The Piano Lesson
A Brief History of Reconstruction
After the American Civil War, the daunting task of attempting to put a broken country back together fell upon the leaders of the country. There were many aspects and arguments to consider about how to proceed with such a delicate act; however, the primary goal was to quickly and successfully have the North and the South no longer need separate labels, but once again exist under the banner of the United States of America. The three main points of Reconstruction that were under debate and needed to be resolved were: if and how Confederate states would be allowed back into the Union; the civil status of all Confederate leaders; and the constitutional and legal status of the freedmen.
The first steps that eventually were made to try and reunite a nation were The Reconstruction Acts of 1867, outlining the process to be readmitted into the Union; the Fourteenth Amendment which granted freedmen national citizenship; and the Fifteenth Amendment which gave freedmen the right to vote. These all occurred following the Civil War, but at scattered intervals and each one came with its own set of opposition and problems due to political separation.
In order to be readmitted into the Union, each Southern state had to follow certain steps: their alliance with the confederacy had to be surrendered and a vow taken to never follow the Confederacy again, a new government system within the state had to be instilled and then assuming this new government was successful, the state could reapply for status within the Union. Pre-dating this was the discussion of what to do with Confederate leaders. President Johnson originally declared no mercy on these rebels and that they would all pay for their crimes committed; however, in practice he actually forgave many of these rebels and even went so far as to return their land. (The Freedman’s Bureau had actually taken the criminals land to redistribute to the newly freed slaves, but President Johnson argued it was unconstitutional and had all land returned to the white owners). Only one war criminal hung for his crimes and the rest were allowed to return to their daily lives. In due course, many of the original war leaders even returned to power in the South, outraging congress. This led to the creation of “Black Codes” or Jim Crow laws in the South which was the birth of segregation. Segregation called for “separate but equal” policies which had schools, public transportation and other public places house two forms: one for blacks and one for whites (a policy that existed in the South until the 1960s). Most of these states found themselves successfully reinstated with the help of President Johnson. Johnson however was not gaining any favor within his Cabinet and Congress. In 1865, the 13th Amendment abolished slavery. Next was the 14th Amendment which granted citizenship to all persons born or naturalized in the United States. The 15th Amendment provided that a national vote could not be denied because of race, color or previous servitude. Johnson rallied against the 15th Amendment, using his influence to block full ratification of the amendment (since three-fourths of the states are needed to ratify an amendment). The amendment was later successfully ratified, but his opposition led to more battling within governmental officials, pinning Democrats against Republicans. Eventually, this would lead the impeachment trial of Andrew Johnson where he was acquitted by one vote. However, the impact of the trial led to a huge loss of support for Johnson, and the successful establishment of the amendments that promoted the freedom of people of color post-slavery.

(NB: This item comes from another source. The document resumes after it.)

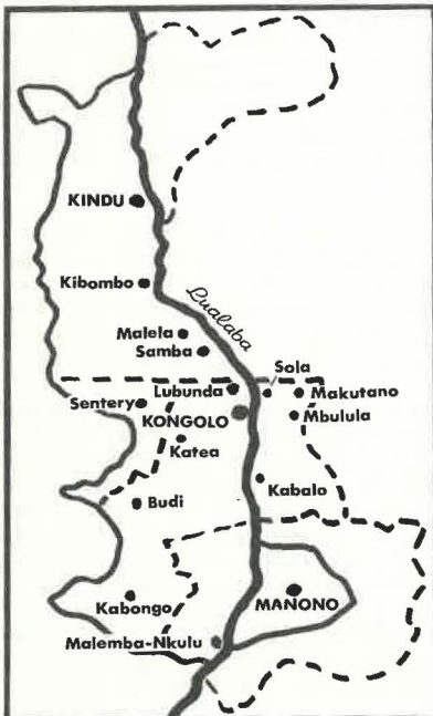
La ligne continue indique le District spiritain d'origine. Les lignes en pointillé marquent les limites des diocèses actuels.

En mai 1909 les PP. Villetaz et Brangers et le F. Euloge prennent le chemin de Kongolo, d'abord par rail, puis en bateau, enfin une longue étape à pied. Ils arrivent le 7 juin et s'installent sur la colline de Misalwe. Une semaine plus tard, le prince Albert le futur Roi visite la région, et à son départ le camp qu'il a occupé est donné aux missionnaires. Peu à peu, la gare et le port fluvial se terminent; un camp de travailleurs, les factoreries, l'Administration - assez étoffée - et le Camp militaire s'installent. Les Pères, éloignés de 5 kms du centre, obtiennent une concession près de la gare et organisent méthodiquement l'évangélisation, dans le centre et dans les villages de brousse. En 1913, on inscrit 413 baptêmes au registre ad hoc.
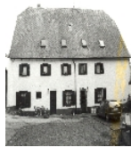
Fotonummer LXII/57/8 Aufnahmejahr Fotograf Beschreibung

Historians today agree that the Reconstruction movement, though begun as a measure of good faith to try and restore the country, ended as a failure. The purpose was to have both sides of the country agree on the equality of all men, but the aftermath of trying to impose a “quick recovery” meant in the end having all states “United” only by name. The support of Southern “Black Codes” and the lack of punishment for Confederate leaders perpetuated the inequality of ex-slaves in the Southern states, not to mention the undeniable violence that ensued against African-Americans from those who could not accept their liberty. Many of these crimes would go unnoticed and unpunished for years after. Unfortunately, segregation would still keep our country apart in a very real way for almost another 100 years.